**TASK GOAL:** Make an exact copy, from the records below, of the lines from the line containing "黄色い矢印の先にある丸い部分がコア・プラグです。 今回は、このプラグに関する事件です。 |" to the line containing "- Wybierz materiał, ułóż", both lines included, excluding pictures.

**GIVEN RECORDS:**
☆ ☆ ☆ ☆
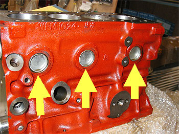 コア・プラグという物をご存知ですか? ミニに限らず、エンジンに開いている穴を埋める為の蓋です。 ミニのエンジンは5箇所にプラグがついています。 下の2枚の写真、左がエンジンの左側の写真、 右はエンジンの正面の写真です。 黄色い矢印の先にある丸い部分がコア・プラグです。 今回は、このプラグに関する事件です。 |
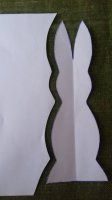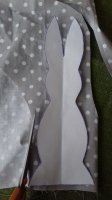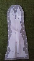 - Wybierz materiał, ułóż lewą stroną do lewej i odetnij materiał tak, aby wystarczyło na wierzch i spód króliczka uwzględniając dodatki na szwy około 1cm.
☆ ☆ ☆ ☆
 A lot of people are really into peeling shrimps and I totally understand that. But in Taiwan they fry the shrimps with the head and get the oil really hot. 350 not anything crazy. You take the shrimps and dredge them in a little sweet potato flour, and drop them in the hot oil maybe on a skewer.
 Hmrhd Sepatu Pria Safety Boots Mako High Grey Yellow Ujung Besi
☆ ☆ ☆ ☆
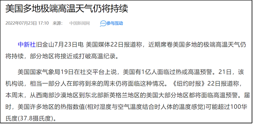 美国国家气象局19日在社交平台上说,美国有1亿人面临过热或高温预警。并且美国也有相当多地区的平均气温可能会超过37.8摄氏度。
☆ ☆ ☆ ☆
**EXERCISE ANSWER:**
 コア・プラグという物をご存知ですか? ミニに限らず、エンジンに開いている穴を埋める為の蓋です。 ミニのエンジンは5箇所にプラグがついています。 下の2枚の写真、左がエンジンの左側の写真、 右はエンジンの正面の写真です。 黄色い矢印の先にある丸い部分がコア・プラグです。 今回は、このプラグに関する事件です。 |
 - Wybierz materiał, ułóż lewą stroną do lewej i odetnij materiał tak, aby wystarczyło na wierzch i spód króliczka uwzględniając dodatki na szwy około 1cm.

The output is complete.